Records supplied below:

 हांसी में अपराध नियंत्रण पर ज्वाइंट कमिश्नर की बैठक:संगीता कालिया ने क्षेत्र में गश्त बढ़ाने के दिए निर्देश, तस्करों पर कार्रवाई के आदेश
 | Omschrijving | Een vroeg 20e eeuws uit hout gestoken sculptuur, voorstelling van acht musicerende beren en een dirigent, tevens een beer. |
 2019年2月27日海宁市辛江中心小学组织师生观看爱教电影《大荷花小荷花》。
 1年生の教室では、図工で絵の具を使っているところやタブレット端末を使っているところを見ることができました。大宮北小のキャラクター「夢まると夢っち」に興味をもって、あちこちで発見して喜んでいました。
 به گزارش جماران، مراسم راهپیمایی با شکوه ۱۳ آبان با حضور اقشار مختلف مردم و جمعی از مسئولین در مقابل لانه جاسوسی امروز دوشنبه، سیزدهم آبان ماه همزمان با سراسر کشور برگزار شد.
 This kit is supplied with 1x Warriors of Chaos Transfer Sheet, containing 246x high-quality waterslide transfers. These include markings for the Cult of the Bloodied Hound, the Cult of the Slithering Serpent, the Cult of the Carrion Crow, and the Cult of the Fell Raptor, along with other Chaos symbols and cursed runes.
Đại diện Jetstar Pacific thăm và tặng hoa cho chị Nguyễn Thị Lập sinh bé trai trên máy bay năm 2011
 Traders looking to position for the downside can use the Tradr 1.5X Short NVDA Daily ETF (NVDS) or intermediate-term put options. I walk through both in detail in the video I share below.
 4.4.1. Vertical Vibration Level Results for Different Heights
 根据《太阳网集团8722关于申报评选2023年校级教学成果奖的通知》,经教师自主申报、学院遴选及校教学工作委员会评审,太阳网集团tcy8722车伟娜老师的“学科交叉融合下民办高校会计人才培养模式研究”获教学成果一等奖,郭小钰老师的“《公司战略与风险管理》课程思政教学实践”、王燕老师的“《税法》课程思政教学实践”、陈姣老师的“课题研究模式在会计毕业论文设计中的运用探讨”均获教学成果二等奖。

End of Records supplied.

(Exercise instructions) From the records above, repeat exactly the lines from the one with "2019年2月27日海宁市辛江中心小学组织师生观看爱教电影《大荷花小荷花》。" through the one with "1年生の教室では、図工で絵の", both included.

(Response box)
 2019年2月27日海宁市辛江中心小学组织师生观看爱教电影《大荷花小荷花》。
 1年生の教室では、図工で絵の具を使っているところやタブレット端末を使っているところを見ることができました。大宮北小のキャラクター「夢まると夢っち」に興味をもって、あちこちで発見して喜んでいました。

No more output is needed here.